__YOUR INSTRUCTIONS__
Here the job is to transcribe the data verbatim while leaving each picture out.

__SOURCE MATERIAL__
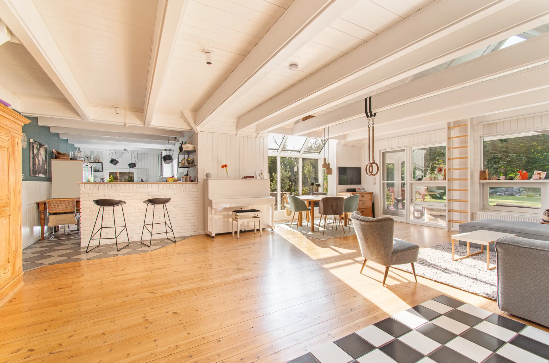 Sie lieben die Natur und Holz? Dann haben wir die perfekte Immobilie für Sie! Dieses Holzständerhaus einer bekannten dänischen Firma wurde mit viel Liebe zum Detail gestaltet und in den vergangenen Jahren kontinuierlich modernisiert. Bei der Danhaus-Bauweise wird Holzständerwerk mit einer Massivstein-Fassade kombiniert, was Danhaus als Klima-Hybrid-Bauweise bezeichnet. Die Häuser werden in einer modernen Fertigung mit Holzständerwerk vorgefertigt und dann mit einer Massivstein-Fassade verkleidet.
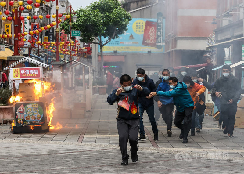 臺(tái)北年貨大街15日登場,臺(tái)北市消防局今天在迪化年貨大街舉辦消防演習(xí)活動(dòng),盼可強(qiáng)化迪化街及永樂市場攤商、店家防災(zāi)觀念與應(yīng)變能力,確保民眾年關(guān)采購安全。
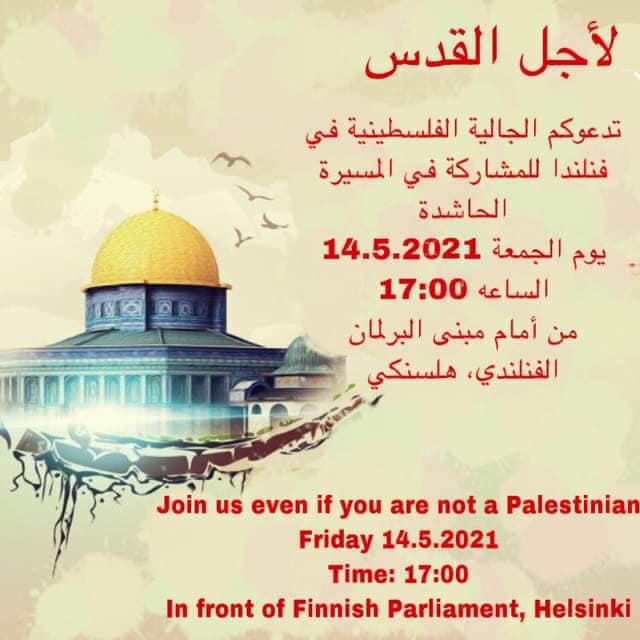 دعت الجالية الفلسطينية في فنلندا جميع أبناء الشعب الفلسطيني والعربي والإسلامي وأحرار العالم، للمشاركة في المسيرة الحاشدة والتي تحمل اسم “مسيرة من أجل القدس”، وذلك في تمام الساعة الخامسة من مساء يوم الجمعة المقبل الموافق 14 مايو الجاري، أمام مبنى البرلمان الفنلندي بهلسنكي، تضامنا مع الشعب الفلسطيني الذي يتعرض لعدوان غير إنساني من قبل قوات الاحتلال الإسرائيلي في حي الشيخ جراح وفي الأقصى المبارك وقطاع غزة.

__WORKED SOLUTION__
 Sie lieben die Natur und Holz? Dann haben wir die perfekte Immobilie für Sie! Dieses Holzständerhaus einer bekannten dänischen Firma wurde mit viel Liebe zum Detail gestaltet und in den vergangenen Jahren kontinuierlich modernisiert. Bei der Danhaus-Bauweise wird Holzständerwerk mit einer Massivstein-Fassade kombiniert, was Danhaus als Klima-Hybrid-Bauweise bezeichnet. Die Häuser werden in einer modernen Fertigung mit Holzständerwerk vorgefertigt und dann mit einer Massivstein-Fassade verkleidet.
 臺(tái)北年貨大街15日登場,臺(tái)北市消防局今天在迪化年貨大街舉辦消防演習(xí)活動(dòng),盼可強(qiáng)化迪化街及永樂市場攤商、店家防災(zāi)觀念與應(yīng)變能力,確保民眾年關(guān)采購安全。
 دعت الجالية الفلسطينية في فنلندا جميع أبناء الشعب الفلسطيني والعربي والإسلامي وأحرار العالم، للمشاركة في المسيرة الحاشدة والتي تحمل اسم “مسيرة من أجل القدس”، وذلك في تمام الساعة الخامسة من مساء يوم الجمعة المقبل الموافق 14 مايو الجاري، أمام مبنى البرلمان الفنلندي بهلسنكي، تضامنا مع الشعب الفلسطيني الذي يتعرض لعدوان غير إنساني من قبل قوات الاحتلال الإسرائيلي في حي الشيخ جراح وفي الأقصى المبارك وقطاع غزة.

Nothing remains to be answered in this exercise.